In continuous feedback cultures, the employee-manager relationship is unburdened by these factors because the employee is assured that their manager is scrutinizing their work in an attempt to help them grow first and foremost, and for performance evaluation only after. If the manager is allowed to become a performance coach, the manager and employee both work in tandem to achieve company goals, creating output that is solely intended to further the company as a whole.

Performance Management FAQ

Why do we still need annual reviews?

Annual reviews give you an official record for legal stuff and pay changes. They act as a final summary of all the regular feedback from the year. They finish the whole process.

How often should managers provide feedback?

Checking in once a week or every two weeks is the way to go now.
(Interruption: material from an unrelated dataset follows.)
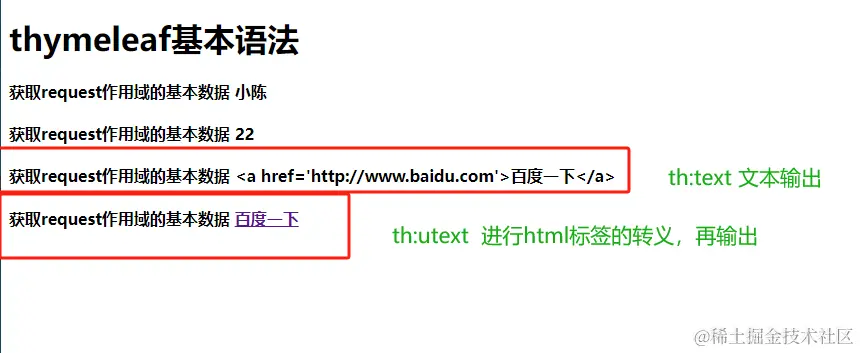 **th:text**属性取值@RequestMapping("demo") public String demo(HttpServletRequest request, Model model) { System.out.println("hello thymeleaf "); request.setAttribute("name", "小陈"); model.addAttribute("age", 22); return "demo"; }<!doctype html> <html lang="en" xmlns:th="http://www.thymeleaf.org"> <head> <meta charset="UTF-8"> <title>测试thymeleaf语法</title> </head> <body> <h1>thymeleaf基本语法</h1> thymeleaf取值的方式和jstl差不多,不过必须要在html标签里使用,通过${},括号 里面填入作用域存的属性名 <h4>获取request作用域的基本数据 <span **th:text="${name}"**></span></h4> <h4>获取request作用域的基本数据 <span **th:text="${age}"**></span></h4> </body> </html>-

These should be quick and focus on what's in the way right now. Doing it regularly matters more than how long it takes.

Does continuous feedback cause stress?

If you do it right, it actually makes people less stressed. Employees are given constant reminders of where they stand, and the best paths of action to improve moving forward.

Frequency Beats Intensity: The Future is Real-Time

Moving to real-time feedback isn't optional anymore. Adobe cut the number of people quitting by 30% after they traded old rankings for regular check-ins. This shows that when you focus on growth instead of just judging, people stay. Feeling safe to speak up is the biggest sign a team will succeed.

Stop waiting until December to fix problems happening right now. Start by making your 1-on-1 meetings consistent this week. The future of performance happens in real time.